Eurekster, We Have Found It

Friendster meets Yahoo! in a newly launched search engine, Eurekster, which returns paid and non-paid search results ranked according to their popularity among networks of friends and associates.

The service, which launched Wednesday, offers personalized search, which means different types of people will get different results. Overture will supply paid placement listings under “Sponsored Listings” headings.

The Eurekster equation combines two big online moneymakers.

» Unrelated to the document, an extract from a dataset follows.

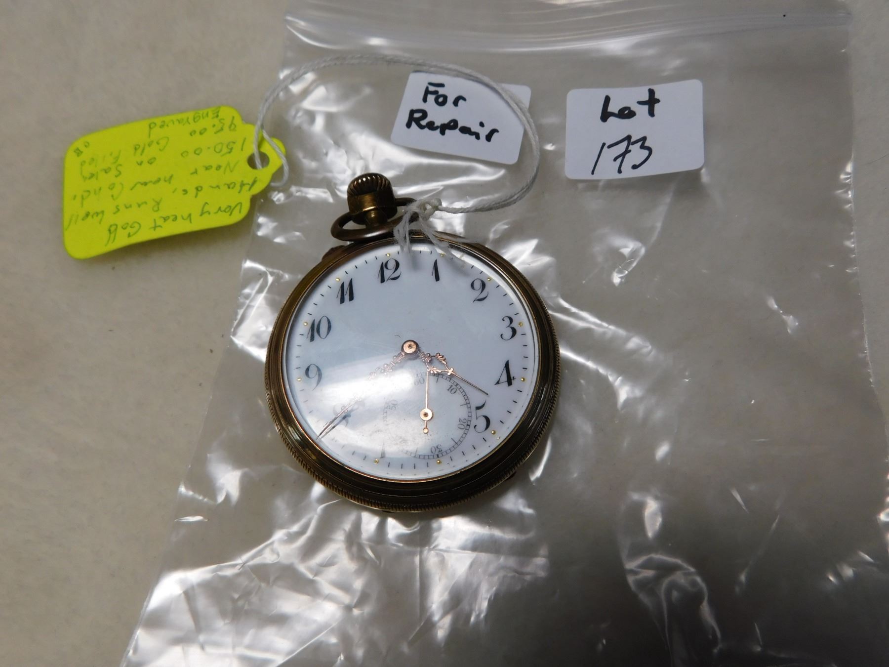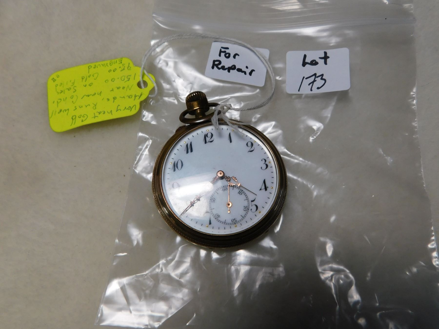 POCKET WATCH GOLD HANDS RUNS

Online personals, dating and socializing sites are among the Net’s most lucrative paid content generators, racking up nearly $215 million during the first half of 2003 with expectations of reaching $642 million in 2008, according to Jupiter Research, a unit of this site’s corporate parent. Also, paid search was expected by Jupiter to reach $4.3 billion by 2008.

With Eurekster, users invite friends via e-mail to join their personal networks on the search engine, and the service learns from each search performed by network members. This enables it to deliver search results that are personalized based on all of the collective clicks and site visits. It also shares popular Web destinations with an extended community of users.

When users search on Eurekster, listings come from Yahoo!-owned AllTheWeb. Eurekster has no listings of its own, but works to refine results provided by others.

For this reason, CEO Grant Ryan hopes to forge partnerships with major search engines Yahoo!, Google and AOL.

“Our service can enhance their offerings. We see partnership as one of the major ways of building our business,” Ryan said.

The site will carry no advertising other than the paid search listings. Currently, the rankings of the sponsored links supplied by Overture are not affected by their popularity in the network, but this will probably change, Ryan said.

“That could make the paid listings even more valuable for advertisers. Because if people find the paid site more useful and they begin to use it, that could amplify the paid listings for that advertiser,” Ryan said.

In an increasingly competitive atmosphere in the search sector, any refinement or special angle can work to a company’s advantage. And personalized search is an important next step for increasing relevancy, according to Danny Sullivan of Search Engine Watch, which shares a corporate parent with this publication.

Major search engines Google, Yahoo! and AOL have all expressed an interest in personalization as a vital step forward, and Google owns at least two companies, Kaltix and Outride, involved with personalization.

“Eurekster’s strong point is that it is relevant to you and your friends. It promotes loyalty to a certain search engine. You make an investment, you invite your friends to visit,” said Charlene Li, principal analyst for Forrester Research.

“If one person says they find the site to be relevant, the numbers go up. This is another way to get your site to go up in the ranks besides buying keywords. That’s the viral aspect to it,” Li commented. “In the past the way to be higher on a search engine was to get other people to link to your site, but there are ways to get around that. This takes certain aspects of social networking and applies it to Web pages.

“Because of the viral aspect, it could be a valuable marketing tool,” Li said.

The drawbacks, according to Li, are that friends might have different searching patterns, and also that it might not be possible to get people to participate. “It’s hard to get people to sign up for something unless there’s a benefit,” Li pointed out.

“In general, people you choose as your friends or associates have some sort of similar view of the world,” Ryan said in response to Li’s first point.

With regard to her second point, Ryan said the company is actively looking to partner with established online social networks. Though he declined to say which networks, examples of well-established social sites include Yahoo! Personals, which has more than 18 percent of market share for dating sites, and Match.com, with a more than 12 percent market share.